Il ritorno delle Dual
Categoria: trafiletti

Negli anni ’80 le strade erano conquistate da agili monocilindriche attorno ai 600 cc che portavano sigle che ora fanno ancora sognare: XT, TT, XL, XR, DR, KLR...


Accumunate in quella categoria Enduro che stava prendendo la via seguendo il successo dei raid africani.
Tutte con la ruota da 21” davanti a promettere doti in fuoristrada a chi le portava per sentieri e magari anche in Africa, ma capaci anche di permettere di viaggiare per il mondo, magari anche a Capo Nord senza problemi, seguendo il ritmo di quegli anni sicuramente meno pretenziosi in termini di prestazioni e confort, insomma eravamo motociclisti più spartani e pratici.

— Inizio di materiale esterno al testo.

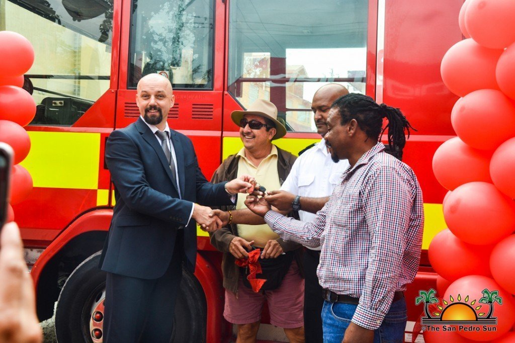 Digi Belize officially handed over a fire truck to the San Pedro Fire Department on Monday, December 17th at the fire department’s grounds in San Pedro Town. Present at the handing over ceremony was Digi Belize Chief Executive Officer (CEO) Rochus Schreiber, Mayor Daniel Guerrero, Digi Belize Chairman Nestor Vasquez, The Minister of Transport and National Emergency Management, Honourable Edmond Castro, San Pedro Fire Department Chief Buckner Gladstone and guests.
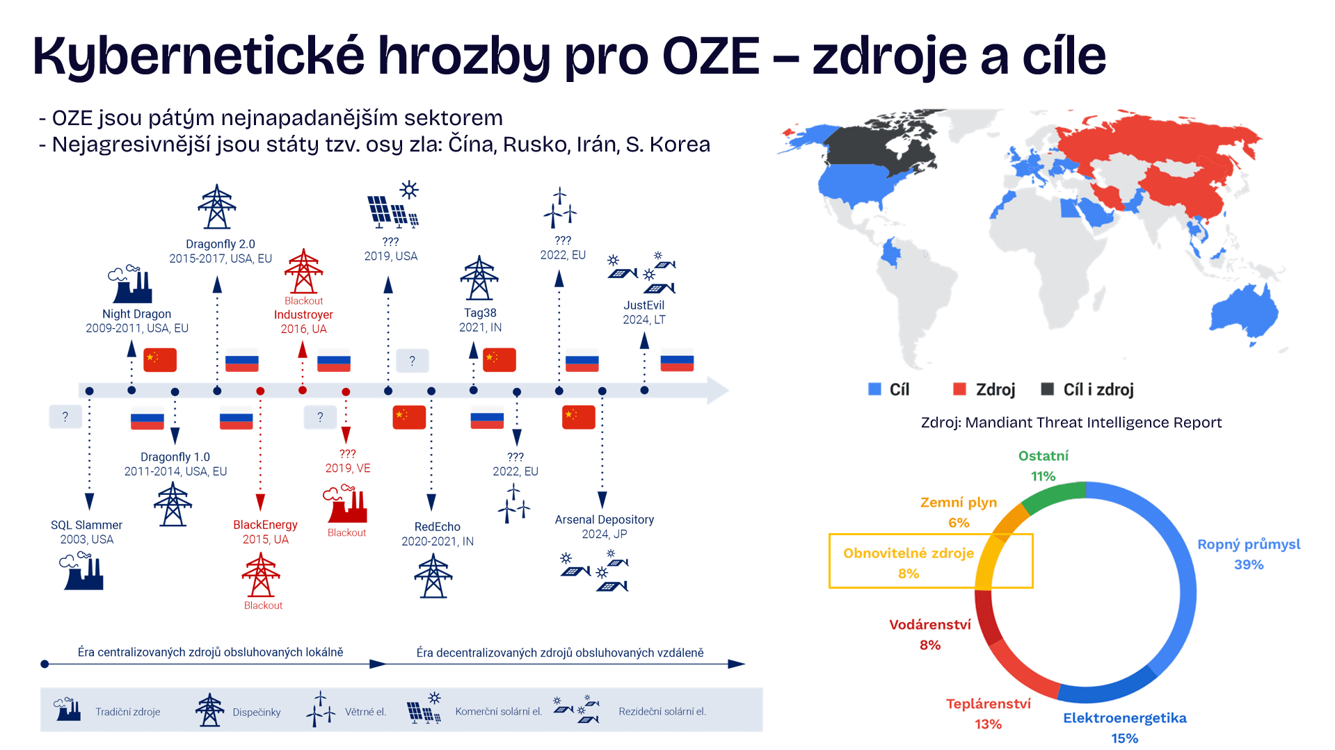 To, že se obnovitelné zdroje energie se rychle stávají atraktivním cílem kybernetických útoků po celém světě potvrdila bezpečnostní výzkumnice ČVUT Erika Langerová vedoucí týmu Kyberbezpečnost pro energetiku v Univerzitním centru energeticky efektivních budov. Podle analýz společnosti Mandiant jsou obnovitelné zdroje pátým nejnapadanějším sektorem v energetice, přičemž hlavními agresory jsou státní aktéři z Ruska a Číny.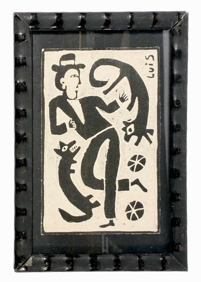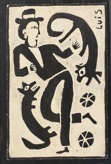 Drobná hravá grafika od Aloise Mikulky vyobrazující muže v buřince a dva podlouhlé psíky. Dřevoryt na papíře, zarámováno do dřevěného rámečku, pod sklem. Rozměry díla jsou 15,5 x 10 cm. Celkové rozměry jsou 15 x 21 cm. Nesignováno.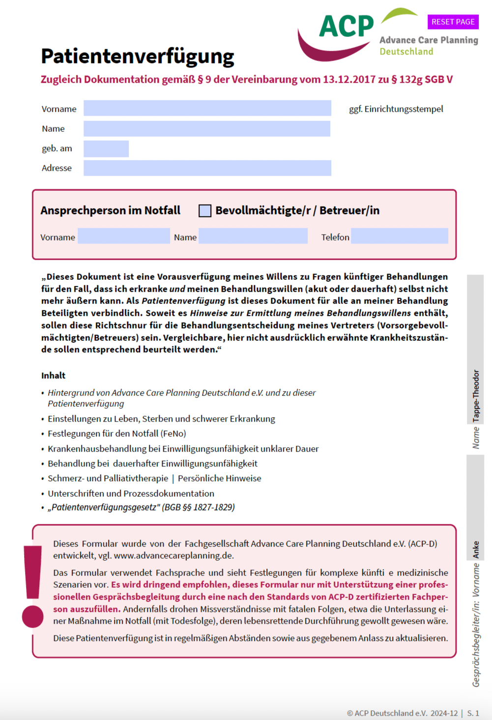 - und Angehörige oder Bevollmächtigte zu entlasten, indem sie wissen, was du dir wünschst
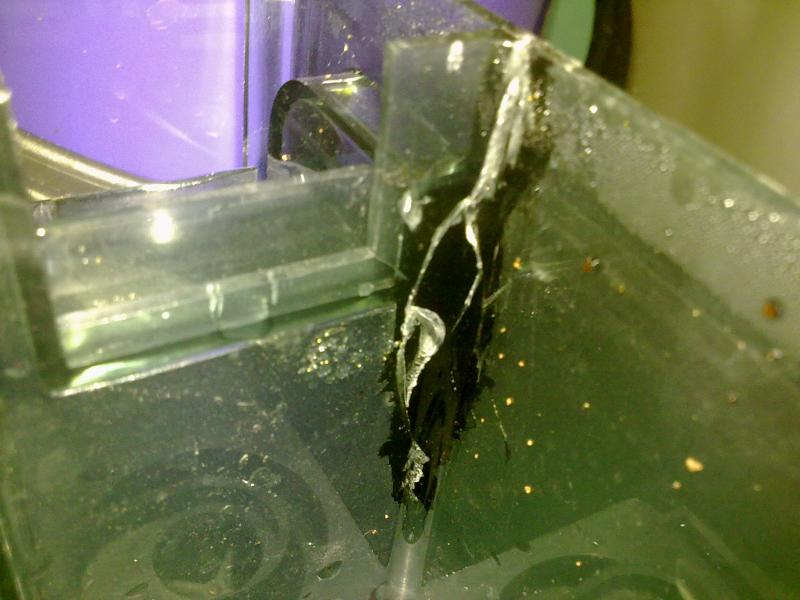 - в отсеке, где находится губка и субстрат, уголь был заменен на фильтрующую вату(помоиму от SERRA). Да, кстати фильтр с акварии пришел коцнутый, но я его подлатал герметиком.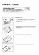 PAPIER / TONER 3 Kopieerpapier laden ‘ 3 Als het | & dlcauelample brandt is er geen lapper in de i gekozen Gasselte, of Is de cassette sint goed geinstallesrd, cassette is helemaal niet geïnstalleerd. Gebruik voor de beste | resultaten papier dat door SHARP wordt aanbevolen, CASSETTES 1. Til en trek de cassette voorzichtig uit de printer en verwijder de deksel. Als er zich nog voldoende papier in de cassette bevindt duw dan de cassette stevig terug in de printer totdat het indicatielampje uitgaat. 2.

Indubbiamente molte di queste andavano solo al Bar per onorare l’ego dei legittimi proprietari, perché la mota voleva anche quello, comunque quelle Enduro stradali erano quel bel compromesso di ampie possibilità che non impegnavano nemmeno poi tanto nemmeno il portafoglio nell’acquisto e nella loro gestione.

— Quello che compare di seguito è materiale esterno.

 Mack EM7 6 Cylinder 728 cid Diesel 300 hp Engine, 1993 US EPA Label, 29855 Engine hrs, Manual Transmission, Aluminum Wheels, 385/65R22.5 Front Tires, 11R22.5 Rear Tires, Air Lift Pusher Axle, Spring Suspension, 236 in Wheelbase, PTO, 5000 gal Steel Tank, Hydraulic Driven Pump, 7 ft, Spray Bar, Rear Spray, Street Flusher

Un filone poi superato dalle Ipersportive, poi dalle Naked, per poi arrivare ai nostri giorni di nuovo all’enduro, ma fatto di moto grosse, di cilindrata e dimensioni, con motori a due o tre cilindri, pesanti e, salvo qualche eccezione, costose.
Difficili da portare in fuoristrada se non si è capaci, mentre la moda delle manifestazioni Adventure cresce così come la voglia di fuoristrada anche di livello medio, serviva quindi qualcosa di più vivibile ed infatti ecco rispuntare dai garage ancora quelle sigle che ormai hanno quasi quarant’anni.

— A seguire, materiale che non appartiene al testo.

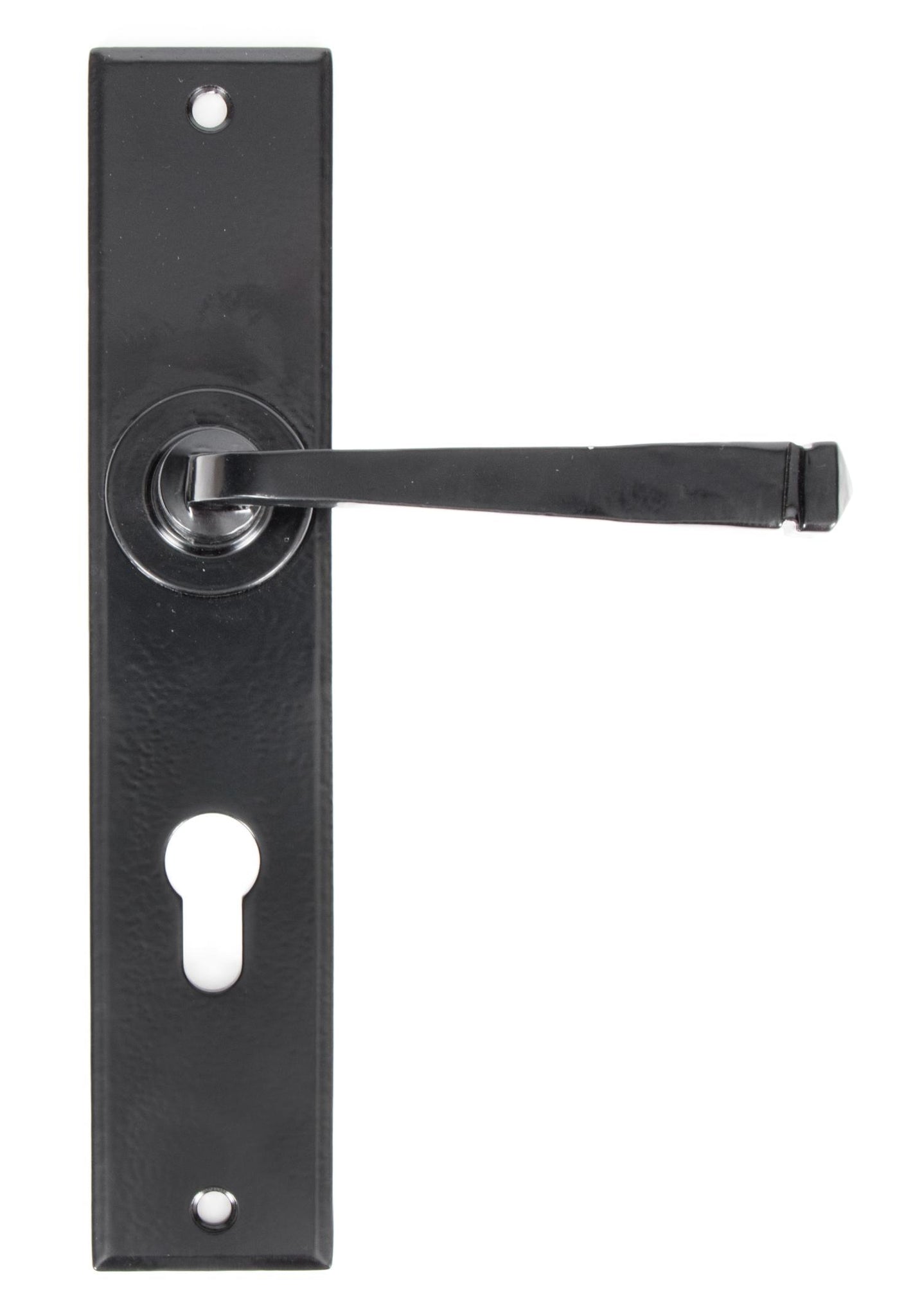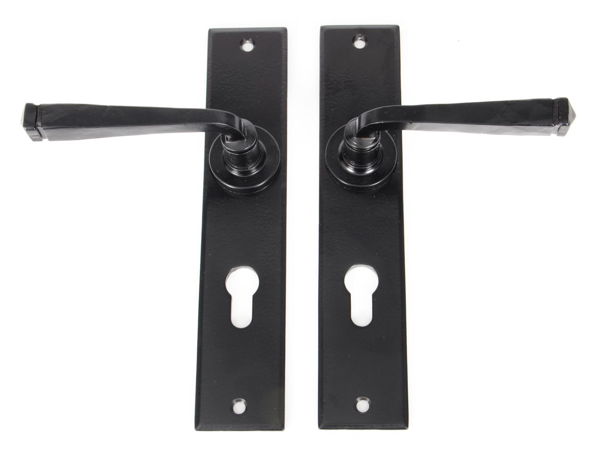 Fixing Centres: 215mm Our avon lever handles are our signature design and are extremely popular for their simplicity. The lever is hammered into shape by hand, giving it a contemporary yet individual edge. Designed to match the avon window furniture in the range. This handle has a strong spring incorporated into the stylish boss design to give both functionality & elegance. Lever handle for internal and external doors where locking is required. Set includes 2 72mm centre lever euro handles. Can be used with a euro DIN sash lock. Supplied with matching SS bolt through fixings.

Le Dual quasi specialistiche c’erano, e ci sono, ma con costi d’acquisto non sempre abbordabili, mentre le “Specialistiche” vere cozzano un po’ con l’uso amatoriale, magari anche come moto da trasferimento ed hanno spesso una manutenzione impegnativa e serbatoi ridotti che litigano con i consumi.

Fino a prima di Eicma le Dual come le intendo io, che significa la ruota 21” pollici davanti e bassa cilindrata, erano le Voge 300 Rally e la Honda CRF300L e Rally, soprattutto la 300L diventata in un attimo ricercata anche sull’usato per le sue indubbie qualità di facile tuttofare.
Ecco che al salone di Milano la prima cosa che mi appare è una gialla Suzuki, la DR-Z4S, snella e filante con un bel mono da 400 cc, poi la KTM 390 Adventure che finalmente riceve il 21” davanti, insomma la rosa si allarga se contiamo anche la SWM Superdual 650 che è stata rispolverata in quanto richiesta a viva voce e le proposte di Beta.
Anche qualche Scrambler punta al 21” sia con il Caballero 500 di Fantic sia ancora  SWM con la Silver Vase T 650.

Un mercato che evidentemente è interessante visto che se puntiamo sul bicilindrico leggero ecco che oltre alla conosciuta CF Moto 450MT abbiamo visto le “sorelle” Mondial, Keeway e Moto Morini che condividono il piccolo frontemarcia.
Molto bella anche la nuova BMW F450GS, per ora un Concept ma che ha suscitato molto interesse, peccato, sempre una mia fissa, la ruota da 19” all’anteriore.

Insomma il mercato sta tornando alle piccole cilindrate e le Dual stanno riprendendo interesse, chissà che non tornino anche gli anni ’80!